Repeat exactly the lines of the records below, starting at the line containing "амортизации на бездорожье." and ending at the line containing "5 Euros. 2 de". Leave the pictures out.

▶ [Extracted information]
▬▬▬

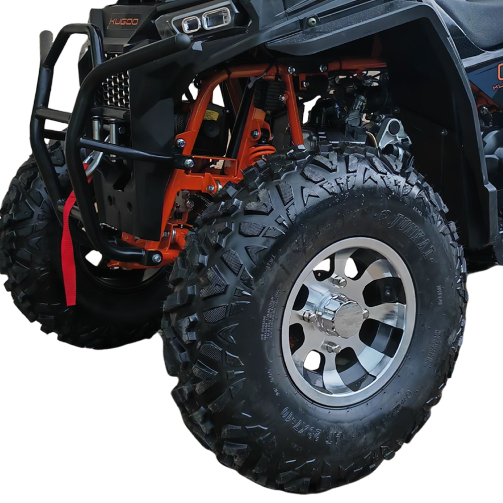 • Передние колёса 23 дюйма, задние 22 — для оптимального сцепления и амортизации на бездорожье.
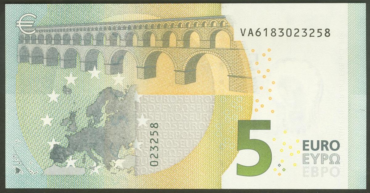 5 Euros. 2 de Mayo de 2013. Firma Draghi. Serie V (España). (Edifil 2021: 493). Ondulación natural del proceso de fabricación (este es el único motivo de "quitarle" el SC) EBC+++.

▬▬▬

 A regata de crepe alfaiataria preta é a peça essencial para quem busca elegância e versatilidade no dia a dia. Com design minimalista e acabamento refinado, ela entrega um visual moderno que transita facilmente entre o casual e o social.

▬▬▬

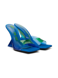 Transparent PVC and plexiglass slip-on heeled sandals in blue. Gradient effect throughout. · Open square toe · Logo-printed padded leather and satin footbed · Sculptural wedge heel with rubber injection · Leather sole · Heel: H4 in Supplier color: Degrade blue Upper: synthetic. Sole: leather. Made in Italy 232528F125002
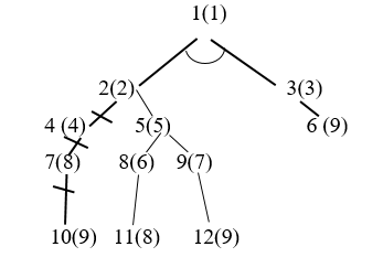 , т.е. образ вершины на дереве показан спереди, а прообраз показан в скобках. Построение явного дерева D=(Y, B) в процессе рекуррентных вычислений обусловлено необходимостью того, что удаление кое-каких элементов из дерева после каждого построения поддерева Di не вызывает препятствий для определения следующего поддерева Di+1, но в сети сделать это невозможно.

▬▬▬

▶ [Solution to the exercise]
 • Передние колёса 23 дюйма, задние 22 — для оптимального сцепления и амортизации на бездорожье.
 5 Euros. 2 de Mayo de 2013. Firma Draghi. Serie V (España). (Edifil 2021: 493). Ondulación natural del proceso de fabricación (este es el único motivo de "quitarle" el SC) EBC+++.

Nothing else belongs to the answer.